電極にろ過されたヒックマンリンガー溶液を充填します。最終的なチップ抵抗は、16〜155メガオームの範囲である必要があります。電極を圧力ポート付きの電極ホルダーに入れます。

マニピュレーターに取り付けられたヘッドステージに接続します。次に、ヘッドステージをアンプに接続します。図に示されていないアナログ-デジタル集録デバイスは、アンプをコンピュータに接続します。

その後、電極ラインに30ミリバールの正圧を加えます。電極を組織表面から軸索に向かってゆっくりと進めます。電極が軸索に近いため、電極が軸索の隣にある間、正圧によって軸索がわずかに、しかし目立った動きを引き起こすはずです。

テスト刺激の提示中の活動を記録します。電気的アーチファクトは適切な記録と刺激を確認しますが、活動電位は存在しないはずです。電極内の外圧を逃がし、刺激と記録を繰り返します。
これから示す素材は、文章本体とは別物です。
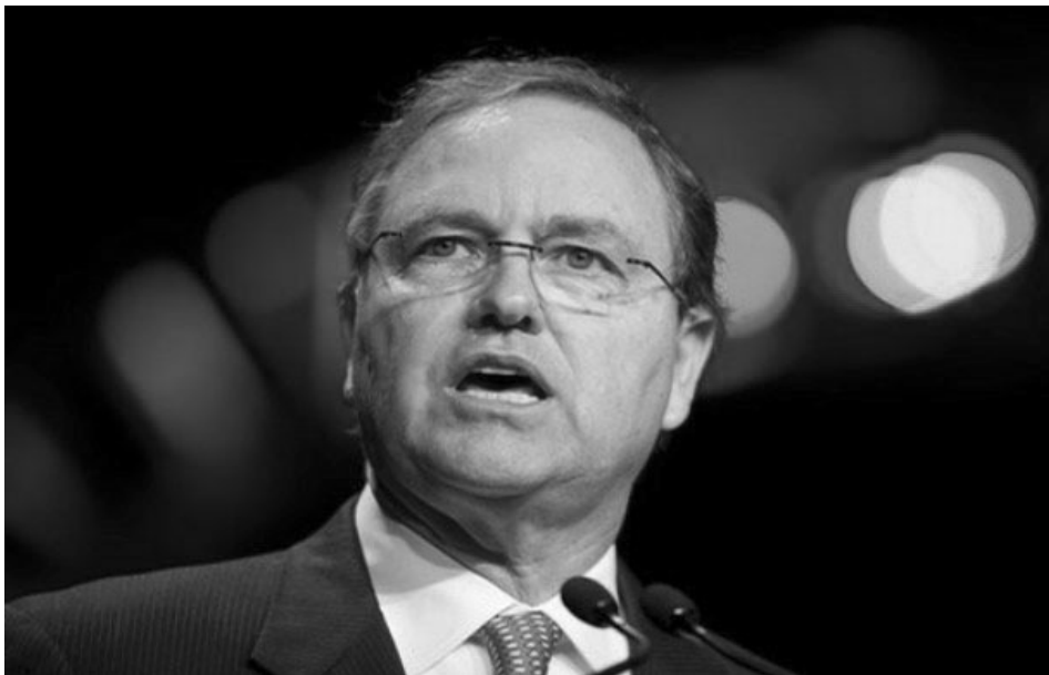
Former Wal-Mart CEO H. Lee Scott Jr.

次に、わずかに吸引力を加えて、軸索を電極に移動します。刺激と録音を再度繰り返します。これで、刺激に反応していくつかの活動電位が見られるはずです。

活動電位が見えたら、圧力ラインを閉じます。必要な記録がすべて完了したら、水槽の水をMS 2 22で1リットルあたり100ミリグラムの呼吸溶液に戻し、魚が完全に麻酔されていることを確認します。魚を安楽死させる前に、少なくとも10分間EODCが検出されることはありません。

ここでは、0.1ミリ秒の6ミリボルト/センチメートルの単相対側の正の横方方パルス刺激によって誘発される活動電位を示す5つのサンプルトレースを示し、また、6ミリボルト/センチメートルの刺激で時間ゼロで刺激された同じユニットの75ミリ秒の記録ウィンドウの20回の繰り返し中のスパイク時間を示すラスタープロットを示します。デュレーションの範囲は右側にリストされています。ここに示されているのは、刺激の繰り返しごとに応答をスパイクとして定量化する刺激持続時間調整曲線です。

この技術で示されている手術や色素注入は、一度習得すれば1時間で行うことができ、色素注入の2〜3時間後に録音を開始することができます。この手順を試みるときは、この手順に従って実験動物の健康状態を注意深く監視することを覚えておくことが重要です。2光子イメージングのような他の方法は、さらに深い脳構造のニューロンから記録するために実行できます。

このビデオを見れば、特定されたニューロン集団からの単一ユニット応答をラベル付けして記録する方法について十分に理解できるはずです。